Seas of Crimson (3)

The Stonemason:

              Clang! Boom. The sound of pickaxes and hammers ringing at the quarry dig site fired through the modest little building. A faded sign read Stonemason above the doorway. At a neat little wooden desk inside the store sat a man in a gray-brown tunic. In his hands were a hammer and a chisel. Next to the desk on the right were 20 or so neat little statues of various gods and goddesses of Olympus, along with a few mythical creatures. Next to the desk on the left, with piles stacked up in the back of the store, taking up most of the space, were at least 400 precision-carved blocks of unrefined stone ranging anywhere from a fraction of a pound to 200 pounds in weight. Each one had an exact measurement of the dimensions and weight, even the type of stone, (and, of course, the price) on rough, yellowed tags tied to the blocks with thin cords.

            As the man sat watching the storefront with weary gray eyes behind dented glasses, ashen hair covering his eyebrows and pale forehead, his scarred, mighty hands and arms seemed to work on their own. The man absently carved down a hunk of granite, smoothing out the sides and creating precise edges to what was becoming a nearly perfect cube. Then, once he was done, he cast his eyes down at his work and began to chisel away at the cube in earnest. His hands vibrated this way and that, to and fro, sculpting the plain cube into something of beauty. He had become so absorbed in his work that he did not even notice when someone entered. A gruff voice remarked, “That’s not bad, that is.”

            The man in the store looked up to see one of the miners from the quarry. It was Mitotius, of whom he was fairly fond, partially because of the large amount of his mined stone Mitotius sold to the man to use at such a low price. For the man was indeed a stonemason, one of the best in the city of Dorotia, though not too well known.
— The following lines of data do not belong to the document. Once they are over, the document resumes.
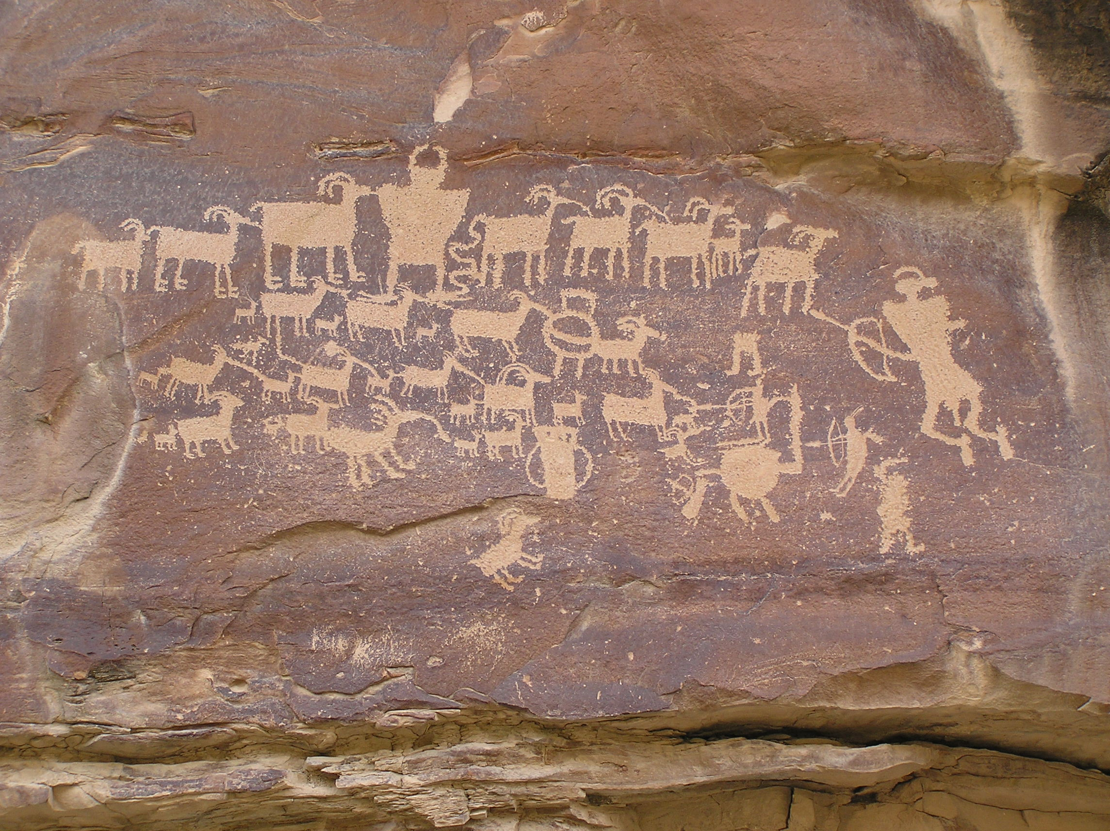 Hunt Scene petroglyph along Nine-Mile Canyon National Backcountry Byway, near Price, Utah.
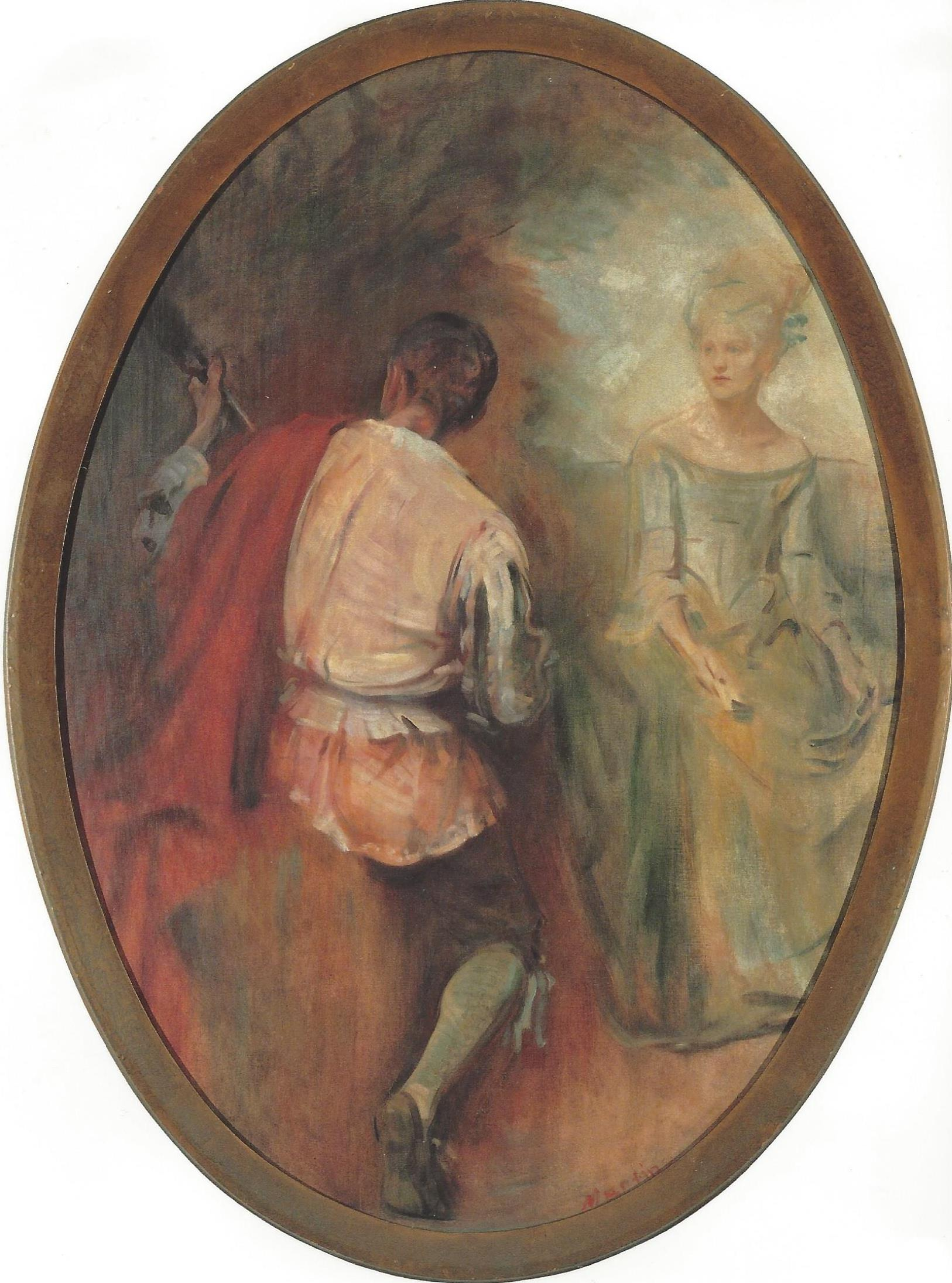 Painting by Umberto Martina; Summer 111x156 cm, commissioned circa 1919 by Giulio Ciriani.
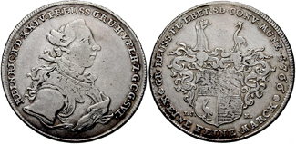 German States, Reuss-Ebersdorf. Heinrich XXIV. 1747-1779. AR 1 Konventionsthaler (41mm, 27.76 g). Dated 1766. Bare-headed, draped, and cuirassed bust right Helmeted ducal coat-of-arms. Davenport 2642; KM 21.
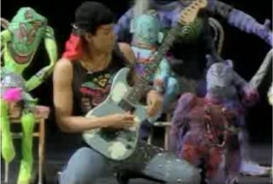 Tom Morello Performing "Nothing New" With Lock Up.
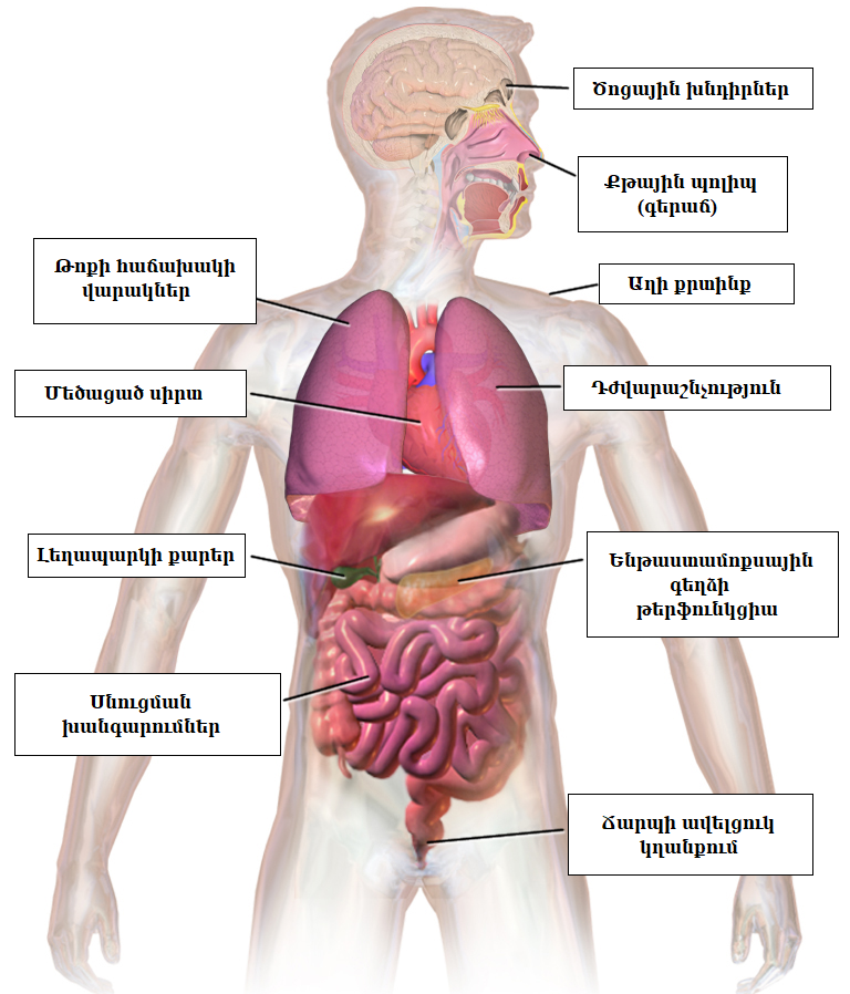 Blausen CysticFibrosis

He was given the name of Solomon, but being as laconic and quiet as he was, few knew his name, even fewer than sold stone to him for him to carve or bought his merchandise.

            Nonetheless, Mitotius knew him well, and he continued, gesturing to the detailed granite sculpture of Dorotia Solomon had just carved, “You could sell that for a decent amount of money if anyone knew to buy it. Why don’t you ever go to the market to sell? No one goes within sight of this hellhole of a quarry if they can help it.”

            Solomon replied as he took out a little brush and cleared his desk of stone dust, “You know why. I don’t do well with strangers.”

            Mitotius shrugged. “Good salesmen make the most money.”

            “So, you’re here to sell?”

            “Actually, for once, no. Emperor Caniro has called for a meeting of everyone in the city. We’re supposed to be in front of the palace right now for whatever his announcement is.”